More than 400,000 acres of pristine, beautiful Eastern Sierra lands are now protected as wilderness. Today, the House of Representatives passed H.R. 146, which included the Omnibus Public Lands bill that our local Eastern Sierra and Northern San Gabriel Wild Heritage Act was part of. The bill–the largest conservation effort put before Congress in 25 years–is now on its way to President Obama’s desk.
In Mono and Inyo Counties, new wilderness areas range from the Hoover, near Sonora Pass, to the White Mountains and the eastern escarpment of the Sierra. Congratulations to everyone who worked hard, wrote letters and attended meetings.
Download a fact sheet about the Eastern Sierra bill at the bottom of the page.
Here is a press release from Congressman McKeon’s office:
McKeon, Boxer, and Local Advocates on President Signing Lands Bill into Law
Includes McKeon, Boxer legislation to protect wilderness in Mono, Inyo, and Los Angeles Counties
WASHINGTON, D.C. – U.S. Rep. Howard P. “Buck” McKeon (R-CA) and U.S. Sen. Barbara Boxer (D-CA) today lauded their bill, the Eastern Sierra and Northern San Gabriel Heritage Act, being signed into law by President Obama as part of the omnibus public lands package.
Representative McKeon introduced this bill in the House and Senator Boxer introduced it in the Senate. It will protect almost half a million acres of wilderness in Mono, Inyo, and Los Angeles Counties.
Representative McKeon said, “The Eastern Sierra Northern San Gabriel Mountain Wild Heritage Act designates 470,000 acres of majestic land as wilderness to protect for future generations. It is the product of countless hours of community involvement.
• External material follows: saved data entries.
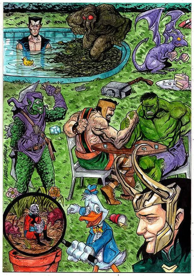 Sure thing, if you like could be a 2 villan vs 2 spideys, i think in spider-man and scarlet spider vs venom and green goblin, you pick uno spider and one villan i make a composition in pen, send to you, every one draw and ink is part and you send me the inks of you part i mix them, and i could put the colors or you. if you like the idea let me know
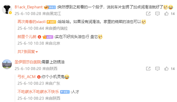 还有网友幽默表示:突然想到之前看的一个段子,说刹车片生锈了加点润滑油就好了。
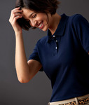 95% cotton/5% spandex Piqué • 6.5-oz. • soft brushed cotton interior • smooth and supple hand • lightweight fabric holds shape and length for excellent recovery • feminine silhouette • three pearlized buttons • rib-knit collar and sleeve bands • double-needle stitching • split side vents with contrast bartacks • feminine silhouette • Sizes: S-2XL
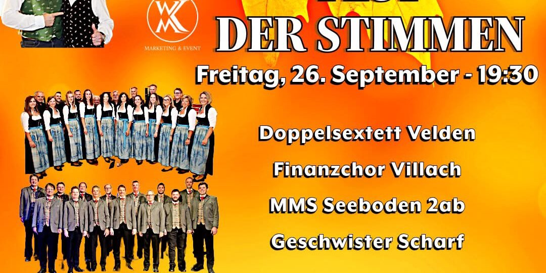Nach einer außergewöhnlich langen Sommerpause starten wir im September mit einem besonderen Konzert im CCV Villach, Gottfried von Einem Saal, in der Reihe „Fest der Stimmen“ in das neue Vereinsjahr. Wir freun‘ uns !!

Senator Boxer and I worked together and met with virtually every local stakeholder and leader to reach a compromise. This package works because it isn’t Congress telling Californians how to manage the land; it’s our community that asked Congress to approve a land use compromise developed and vetted back home in California.”
Senator Boxer said, “I thank President Obama for signing this important bill, which reflects a lot of bipartisan work and compromise to protect wild and beautiful lands in California. California is defined by its environment and we have preserved some magnificent places for future generations.”
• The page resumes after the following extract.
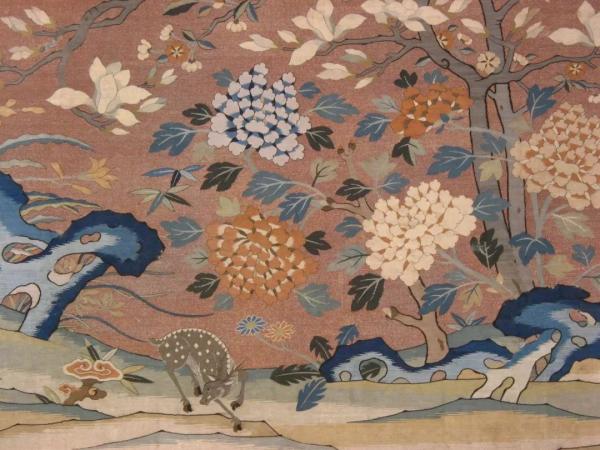 其中宫织绣类中的珍品清缂丝玉堂富贵图为乾隆年间的丝织品,横幅,画面由玉兰、牡丹、灵芝、太湖石、梅花鹿等图案组成。画面上半部为绛色地,以多组玉兰、牡丹花展现多姿多彩、满园春色的景象,玉兰、牡丹寓意“玉堂富贵”。画面下部运用深浅黄色、白色、蓝色及香色等彩色,构成横斜山坡,其上分列秀石、灵芝以及活泼的梅花鹿,亦静亦动,使美丽的自然景色融入宁静的画面。

Two local advocates from the 25th Congressional District of California were invited to attend today’s bill signing.
California Field Representative for the Wilderness Society, Sally Miller said, “It was an honor and a thrill to witness the signing of this historic legislation. The thoughts of everyone back at home were with me. The passage of this bill was made possible thanks to the tremendous amount of work from a broad cross-section of the local community and the fantastic leadership of Congressman McKeon and Senator Boxer.”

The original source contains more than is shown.